In some implementations, wound dressing embodiments described herein are well-suited for sustained delivery of oxygen over the entire or substantially entire surface of the wound. One or more of the transmission layer (or the ADL), through hole, and perforated wound contact layer can facilitate delivery of oxygen from the oxygen source over the entire or substantially entire surface of the wound. In addition, one or more of the transmission layer (or the ADL), the absorbent layer, and moisture vapor permeable backing layer can facilitate efficient removal of fluid from the wound so that oxygen can be more effectively delivered to the wound.
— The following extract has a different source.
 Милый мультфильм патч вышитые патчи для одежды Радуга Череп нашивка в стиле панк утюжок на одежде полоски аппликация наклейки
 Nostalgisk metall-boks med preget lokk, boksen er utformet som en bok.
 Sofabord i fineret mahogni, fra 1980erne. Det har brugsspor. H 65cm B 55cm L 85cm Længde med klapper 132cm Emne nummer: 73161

Accordingly, wound dressing embodiments described herein can help keep the wound moist to facilitate dissolution of oxygen, while substantially preventing fluid pooling which adversely impacts dissolution of oxygen. The filter (or one-way valve as described herein) can facilitate protecting the oxygen source from wound fluid. Further, the pressure sensitive adhesive of the wound contact layer can provide a lasting, gas-tight seal over the wound. The pressure sensitive adhesive can be silicone acrylic, acrylic adhesive, or the like. In addition, adhesive on the backing layer, fixation strips, or the like can provide an additional or alternative gas-tight seal.
In certain embodiments, a gasket can additionally or alternatively be used to achieve a gas-tight seal. The gasket can be positioned on the backing layer. The gasket can be formed from hydrocolloids, hydrogels, or the like.
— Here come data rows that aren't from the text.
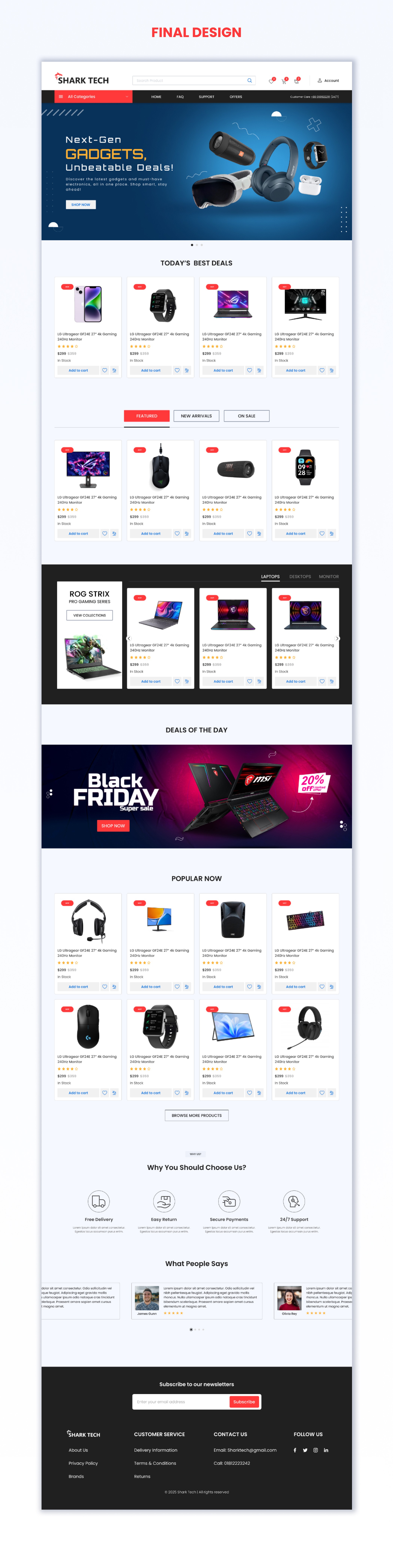 Shark Tech is a modern e-commerce platform for electronics and gadgets, designed for a seamless and intuitive shopping experience. Our team has completed the UI/UX design, focusing on smooth navigation, user-friendly interactions, and a sleek, modern aesthetic. Excited to share our work and gather feedback!
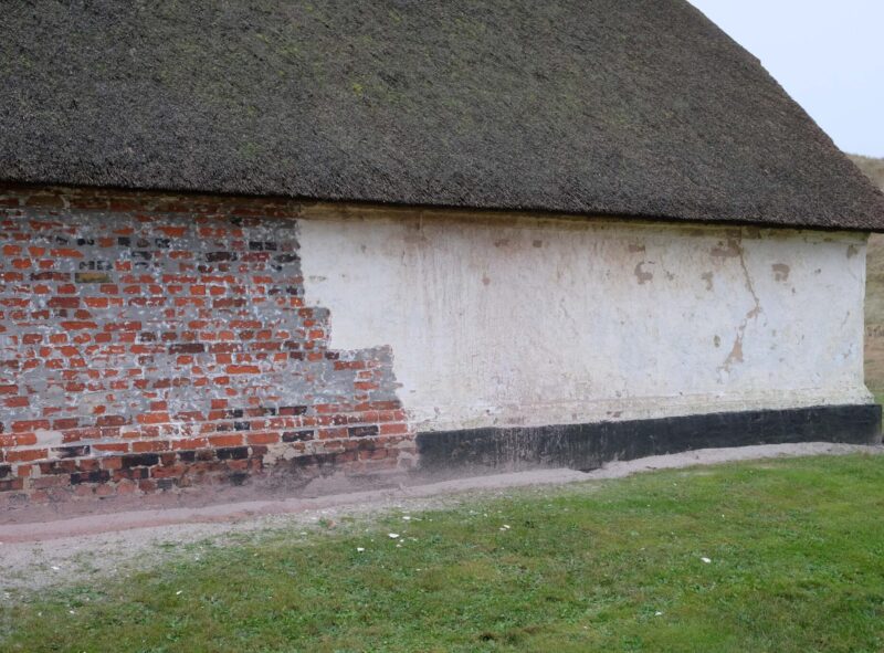 Tidligere var det almindeligt, at klitgårdene gik i arv, og der blev indrettet en aftægtsbolig til de gamle, så flere generationer boede samtidigt på gårdene, og da vedligeholdelsen var en del af de mange gøremål på gårdene, gik kendskabet til de gamle teknikker og materialer videre fra generation til generation. Men da denne livsform begyndte at ændre sig, og en ny tids byggematerialer og håndværkere kom på banen, begyndte den gamle byggeskik i bogstaveligste forstand at forfalde, og i dag er mange af gårdene forsøgt renoveret med moderne, men uegnede materialer og teknikker, der ikke fungerer sammen med de gamle bygninger og det hårde klima. Det var også aktuelt på Strandgaarden, da de nuværende ejere overtog gården. Den var sidst renoveret inden museets åbning i 1977, og meget af den renovering var udført med ”moderne” materialer, som ikke egner sig til den type ejendom.
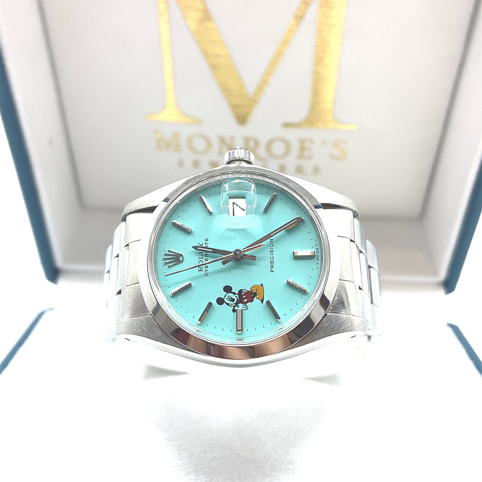 Vintage Rolex Precision Mickey Mouse Turquoise Staineless Steel Watch
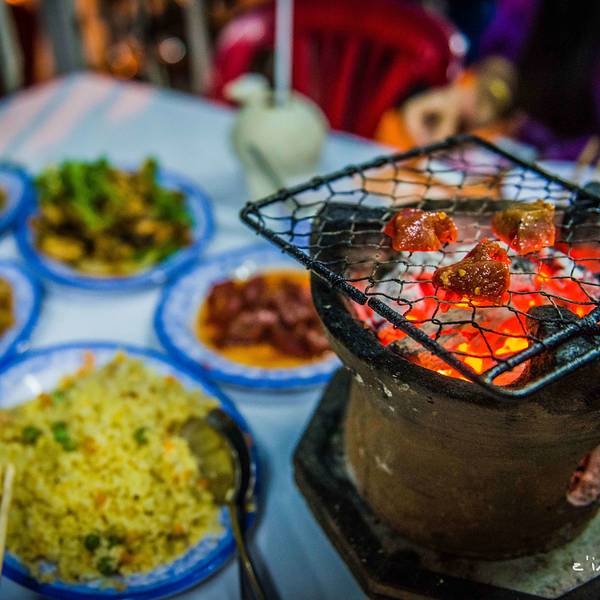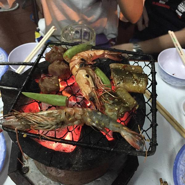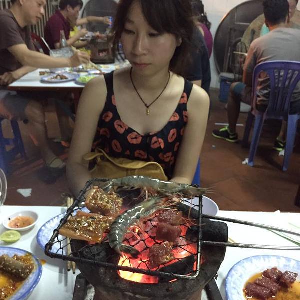 这里应该是芽庄人气最旺的餐厅之一了,空间也不大,还没有空调,但是来这里吃的人特别多...烧烤用的炉子非常原始,下面烧炭火,上面架一个网架,然后就可以开始烧烤了,推荐牛肉,是事先腌过的。跟姐姐两个人一起...这里应该是芽庄人气最旺的餐厅之一了,空间也不大,还没有空调,但是来这里吃的人特别多...烧烤用的炉子非常原始,下面烧炭火,上面架一个网架,然后就可以开始烧烤了,推荐牛肉,是事先腌过的。跟姐姐两个人一起吃了八十块左右,还是很值的。
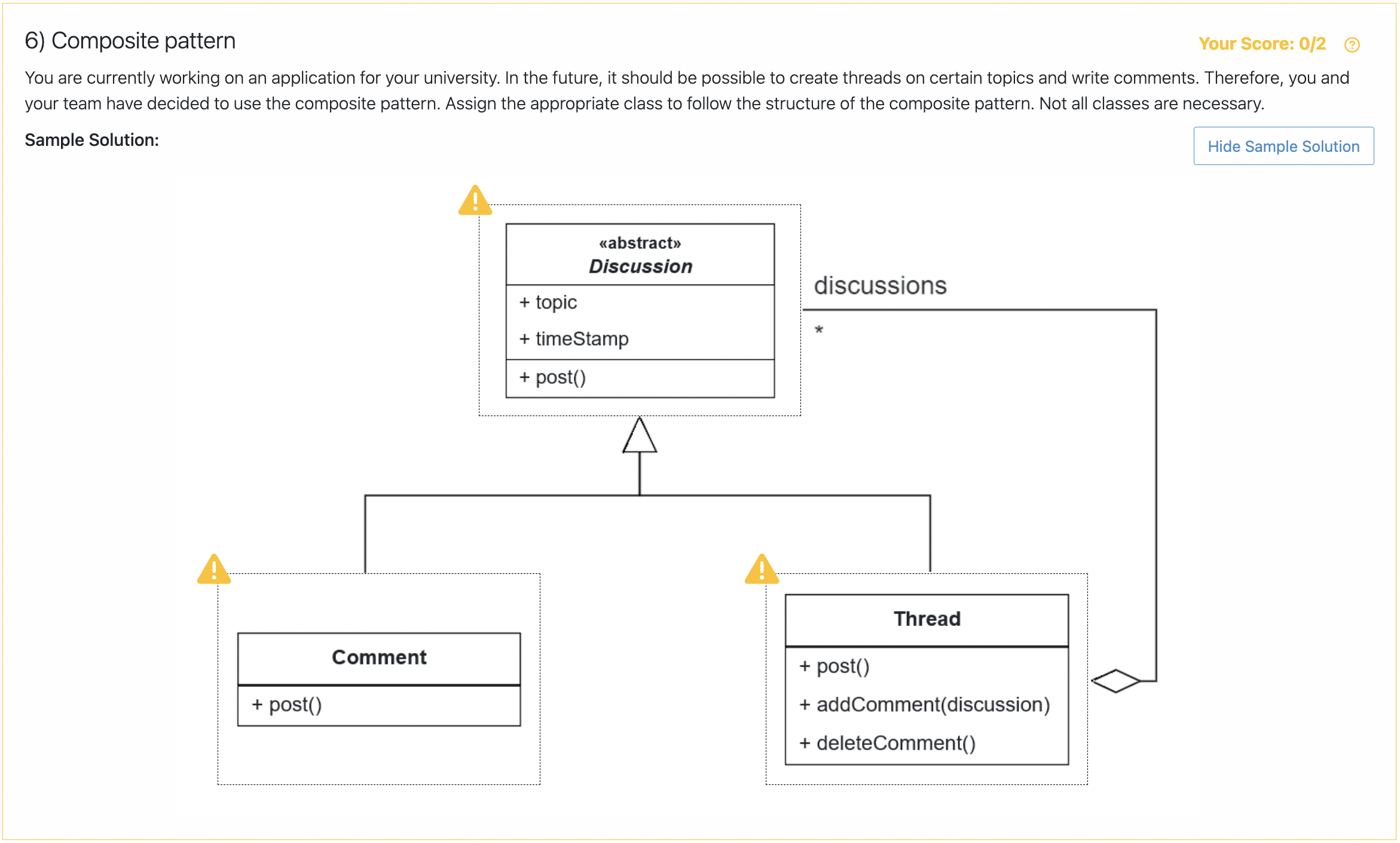 In the case of Drag and Drop questions, the solution is shown by clicking the Show Sample Solution button .

Oxygen Therapy in Combination with Negative Pressure
In certain implementations, negative pressure wound therapy can be additionally or alternatively used with oxygen therapy. In some embodiments, negative pressure can be delivered sequentially or simultaneously with oxygen therapy. A negative pressure source can be fludically connected to the wound dressing via another orifice or port in the dressing as described herein. A fluidic connector, such as any of the connector described herein, can be used to connect the pump the dressing. Alternatively, a Y-connector can be utilized to connect both the pump and the oxygen source to the wound dressing via a single orifice. Additional embodiments of fluidic connections are described in U.S. Pat. No. 9,061,095, titled “Wound dressing and method of use,” issued on Jun. 23, 2015, the disclosure of which is hereby incorporated by reference in its entirety.
A negative pressure source can include a pump. The pump can be actuated by one or more of a piezoelectric transducer, voice coil actuator, motor, hand or foot operated mechanism, or the like.
The pump may comprise a canister or other container for the storage of wound exudates and other fluids that may be removed from the wound. A canister or container may also be provided separate from the pump. In some embodiments, the pump can be a canisterless pump such as the PICO™ pump, as sold by Smith & Nephew.
In some embodiments, sequential oxygen and negative pressure therapy cycles between periods of oxygen delivery and periods of applying negative pressure. Respective therapies can be applied over any suitable time duration to effectively facilitate wound healing.
In certain implementations, simultaneous oxygen and negative pressure therapy can be utilized. This may be accomplished with the use of multiple ports for oxygen delivery and negative pressure application respectively. In some cases, oxygen can be delivered at 100% of target pressure (such as, 20 mmHg), while negative pressure can be delivered at less than 100% of target pressure, such as, at 80% of target pressure (or less or more than 80%). Target negative pressure can be selected or preset. For example, target negative pressure can be −80 mmHg. In certain situations, both therapies can be delivered at 100% of target pressure levels. In some embodiments, oxygen therapy can be delivered at less than 100% of target pressure, while negative pressure can be delivered at 100% of target pressure.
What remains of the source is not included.